The Promise of Immortality in a Tech-Enhanced Heaven

"Singularité à l'orée du Bois": Photo by flickr user Fabrice Gillet via Creative Commons

Immortality, resurrection, the human place in the order of the things: these themes are generally claimed for religion, but they might just as easily be questions posed to science. Can a human being live forever? Can life exist beyond the body? What’s next in the evolution of the human species

Transcendence: The Disinformation Encyclopedia of Transhumanism and the Singularity is a new book by cyberculture icon R.U. Sirius and co-author Jay Cornell—the perfect guides for this deeply informative (and wildly entertaining) trip across the transhumanist universe. I talked to both of them via email recently about God and sci-fi, synthetic children, Mormon futurists, and more.

Lisa Webster: The use of “transcendence” in your title is a great way to break the “religion” frame when thinking about immortality, the nature of the human being, ethics, the planet. But I’ll start by asking: what caused you to realize there was a need for an encyclopedia of transhumanism? And remind us of the implications of the term “disinformation”…

transcendencecoverR.U. Sirius: I’ll answer the first part, since it was my idea. I did an A-Z User’s Guide to the New Edge back in 1993, introducing the then-novel ideas of a cyberculture or cyberpunk — the idea that the digital revolution was changing everything. We’ve seen that happen. The entire world and its economy has moved online, speeding things up, “disrupting” industries, increasing our vulnerability to hackers and spies.

Now we’re at the beginnings of feeling the impact of robotics; 3D home production and the printing of body parts; nano-medicine, virtual reality (finally!) and so on. There’s even some talk about a longevity pill on the near future horizon. Even if that doesn’t happen, the potential for something along these lines needs to be on our agendas. So it seemed like a good time to inform people, in a very readable, playful way, about some of the technologies and ideas that are likely to impact our future.
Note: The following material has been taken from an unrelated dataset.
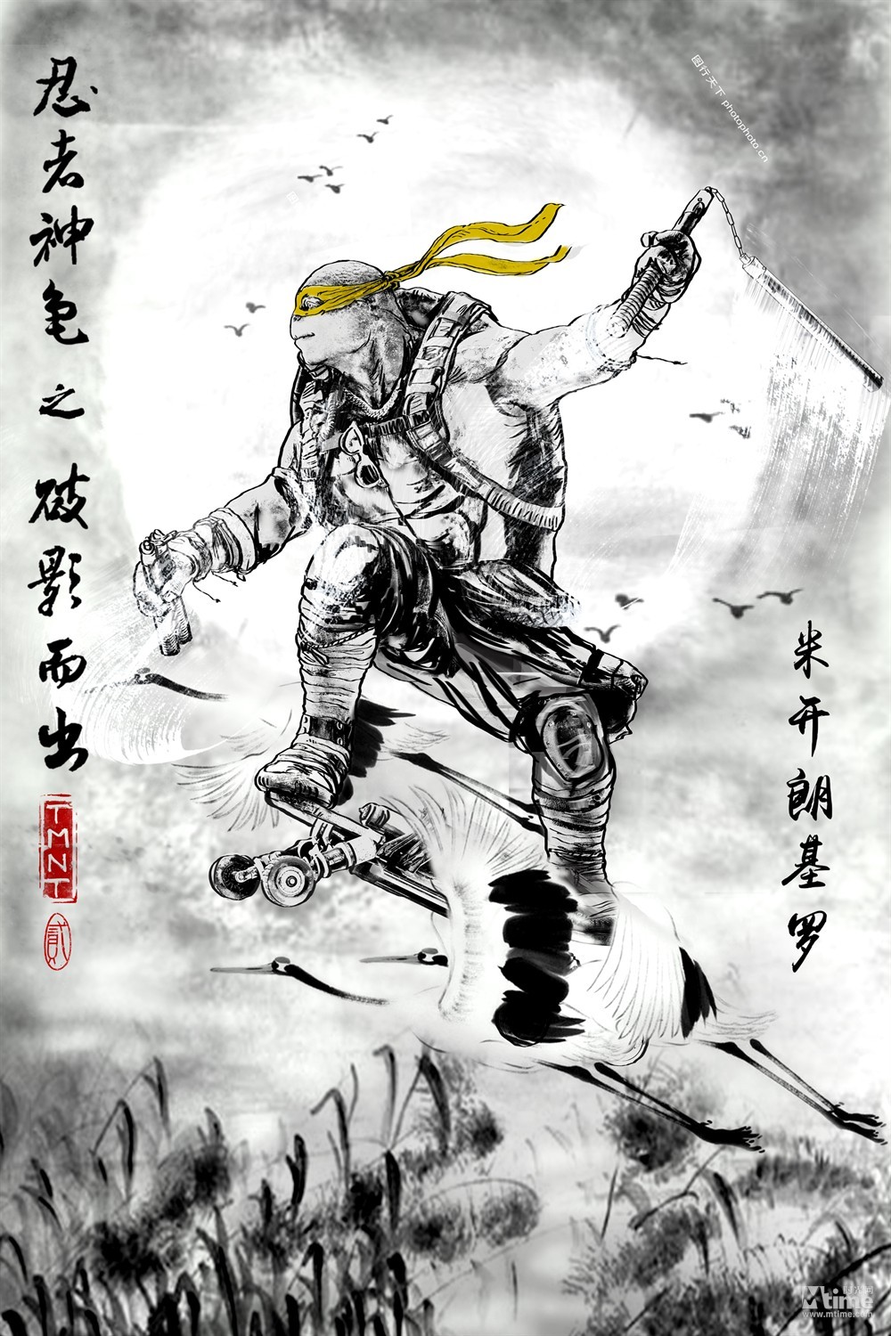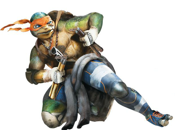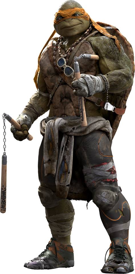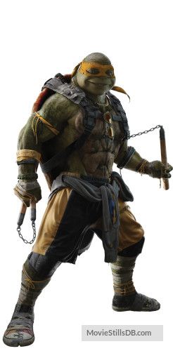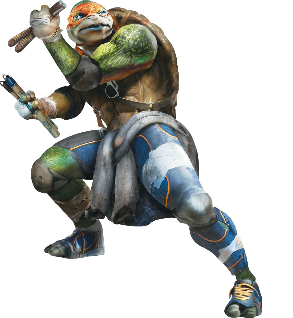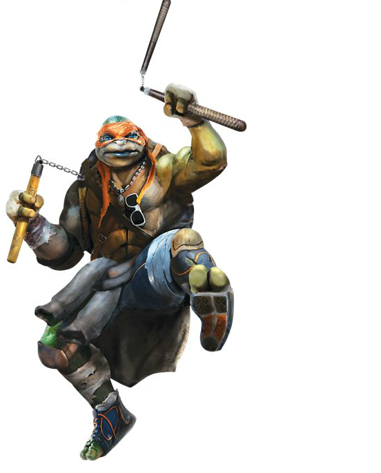 - La figurine de Michelangelo créée par Playmates Toys pour le film de 2014 est vendue avec un seul nunchaku, et un sansetsukon, alors que la figurine de 30cm est vendue avec ses deux nunchakus, chacun d’une couleur différente, comme dans le film. Il s’agit de l’un des éléments qui ont été retouchés dans le film au dernier moment, avant sa sortie, comme la figurine de Raphael in disguise.

Jay Cornell: Don’t be confused by the word “disinformation.” The publisher is Disinformation Books, which publishes various kinds of edgy content, and their use of the term is tongue-in-cheek. We assure you that our book includes no disinformation.

LW: Transcendence has been the province of religion, historically — the whole promising-of-immortality thing. What about the idea that transhumanism, the hope for tech-assisted transcendence of the human, is a whole lot of hubris?

Jay: I think the hubris charge has some sting, but first let’s look at history. There are many examples of humans over-reaching and thinking they can do things that they can’t. One of the big questions of 20th century economics was whether centrally-planned economies are better. As it turns out, no, they are much worse. I’d consider central economic planning a form of hubris.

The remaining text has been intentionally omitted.